Mexican Cartel Drone Smuggling Will Increase with More Border Walls

Drone Pic 2
Breitbart Texas / Cartel Chronicles

A Mexican cartel smuggler does not change professions when a border wall is built in the middle of his route. While some criminal elements turn to tunnels in California and Arizona, narcotics traffickers along the Texas border have demonstrated an increasing adoption of commercial drones with slight modifications to move product or observe surroundings.

The use of drones by cartels is well known, although very few have witnessed one launched and returned across the southwestern border. Drones are evolving nearly as fast as they are becoming more commercially available. Since 2010, cartels have demonstrated uses for surveillance, smuggling, and even attempted assassinations.

One Tuesday evening at approximately 10:39 pm, it finally happened: after days of surveilling the Rio Grande in Roma, Texas, I personally observed and filmed a cartel drone over Miguel Aleman, Tamaulipas. The only thing visible at first was a small green light moving in the distant sky. Once it crossed the Rio Grande, the drone hovered over a smuggling area used daily known as Salinas Crossing. In the distance, there was a high-pitched buzzing sound as it flew back and forth, appearing to be looking for something in the darkness below. After a few minutes, it returned to Miguel Aleman and landed at an intersection. Shortly after, several people were at the river’s edge loading into a raft to follow the drone’s flight path.

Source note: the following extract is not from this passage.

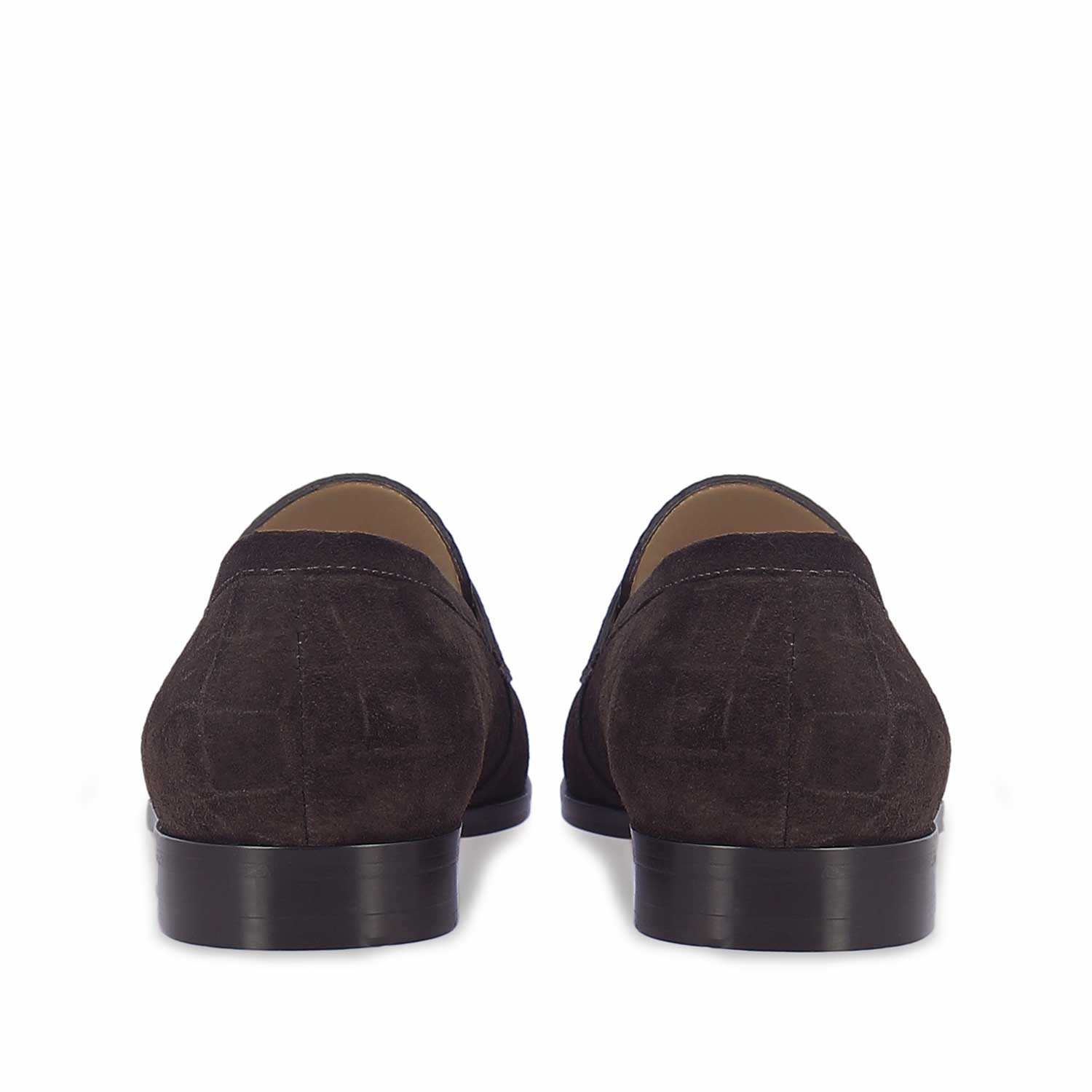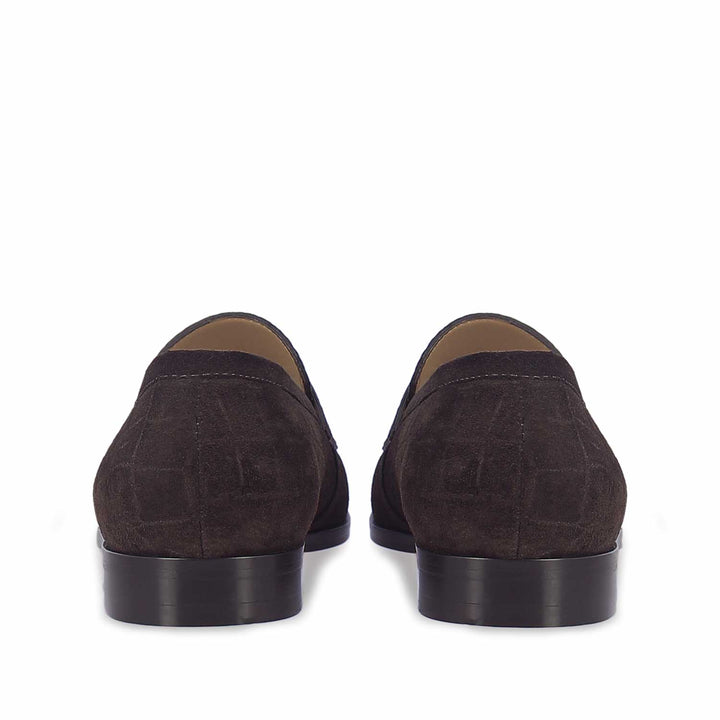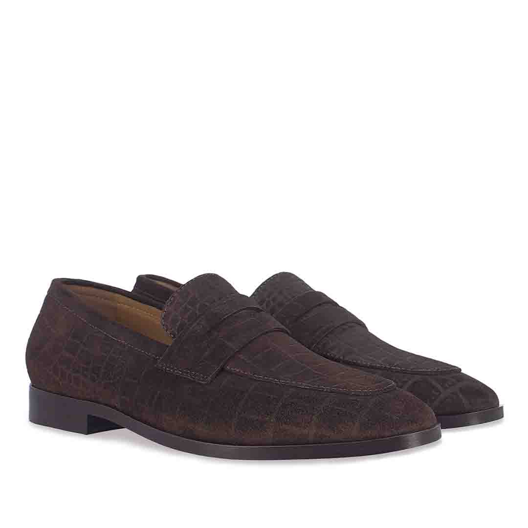 Saint Alessandro Brown Suede Croco Print Leather Loafers

The following morning, I interviewed an FAA certified commercial drone pilot who also witnessed the incident. He said, “a regular drone camera could not have been used to fly or to record imagery due to the level of darkness.” The pilot was adamant the drone had a light-enhanced camera to compensate. He also acknowledged that both of his commercial drones’ cameras used for high-definition filming would have been useless that same evening.

Drones have been spotted and seized by law enforcement in this area before. A veteran Border Patrol agent assigned to the Rio Grande Valley Sector provided an image of a cartel drone seized on June 9, 2019, in La Grulla. The seizure took place near the river’s edge in Starr County while agents were conducting routine tracking of a group of people who entered the country illegally at the time.

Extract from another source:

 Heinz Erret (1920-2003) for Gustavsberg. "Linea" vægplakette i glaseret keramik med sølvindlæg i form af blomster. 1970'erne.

Drones are a moderately revolutionary leap in cartel technology and tactics. U.S. law enforcement still do not possess the ability to rapidly detect, interdict, arrest, and prosecute criminals who use them. They are challenging to see, hear, and chase from the ground. The ability to seize a drone carrying narcotics in the remote expanses of the southwestern border also add another layer of difficulty for law enforcement.

In the Rio Grande Valley, border wall construction trails behind areas like El Paso and Southern California. But as boundary improvements continue, drones could prove to be the natural workaround for smugglers.

Jaeson Jones is a retired Captain from the Texas Department of Public Safety’s Intelligence and Counterterrorism Division and a Breitbart Texas contributor. While on duty, he managed daily operations for the Texas Rangers Border Security Operations Center.